THE TASK =
All the data that follows should be repeated exactly, without a single picture.

DATA EXCERPT =
<<<<

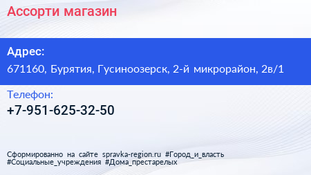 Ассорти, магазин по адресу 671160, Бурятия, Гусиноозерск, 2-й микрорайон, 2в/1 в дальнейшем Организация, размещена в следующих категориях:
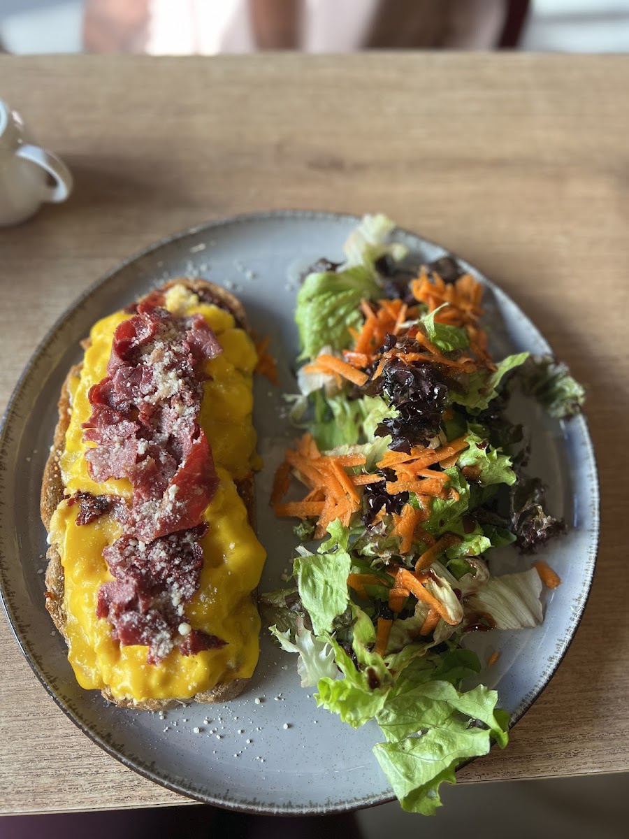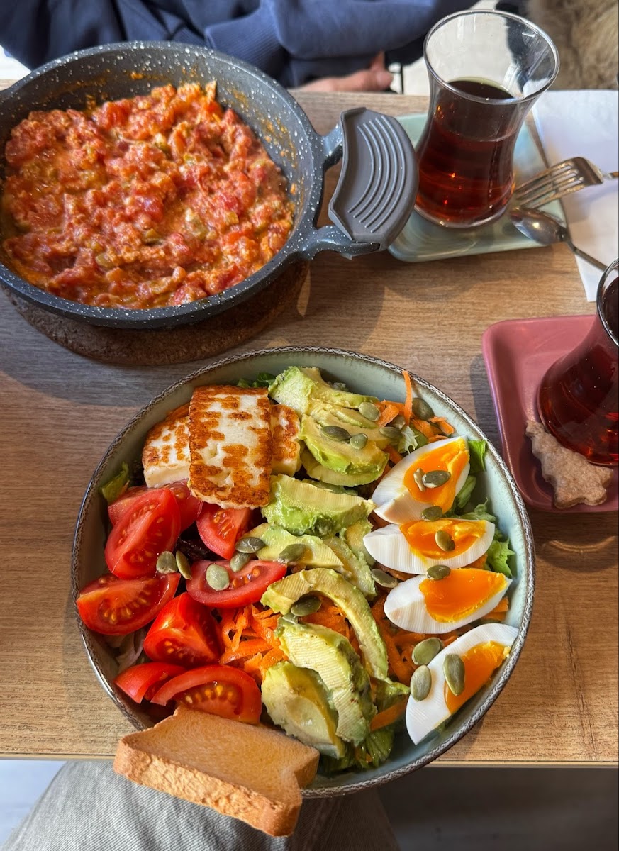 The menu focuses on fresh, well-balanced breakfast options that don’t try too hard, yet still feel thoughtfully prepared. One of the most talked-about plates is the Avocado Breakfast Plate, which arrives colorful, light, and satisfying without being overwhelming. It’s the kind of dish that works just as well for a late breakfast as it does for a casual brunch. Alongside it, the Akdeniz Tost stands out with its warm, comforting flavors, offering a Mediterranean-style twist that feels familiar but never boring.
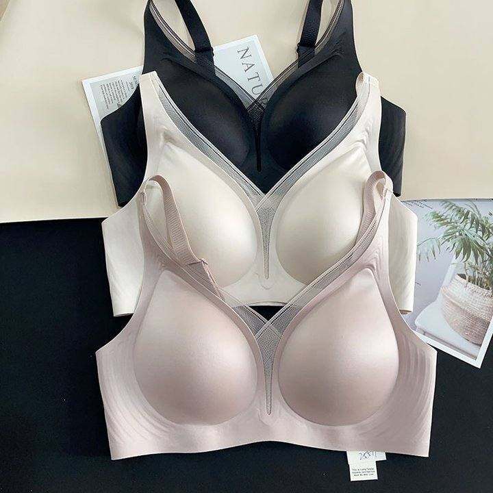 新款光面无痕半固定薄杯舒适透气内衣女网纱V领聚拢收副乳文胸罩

>>>>

WRITTEN ANSWER =
 Ассорти, магазин по адресу 671160, Бурятия, Гусиноозерск, 2-й микрорайон, 2в/1 в дальнейшем Организация, размещена в следующих категориях:
 The menu focuses on fresh, well-balanced breakfast options that don’t try too hard, yet still feel thoughtfully prepared. One of the most talked-about plates is the Avocado Breakfast Plate, which arrives colorful, light, and satisfying without being overwhelming. It’s the kind of dish that works just as well for a late breakfast as it does for a casual brunch. Alongside it, the Akdeniz Tost stands out with its warm, comforting flavors, offering a Mediterranean-style twist that feels familiar but never boring.
 新款光面无痕半固定薄杯舒适透气内衣女网纱V领聚拢收副乳文胸罩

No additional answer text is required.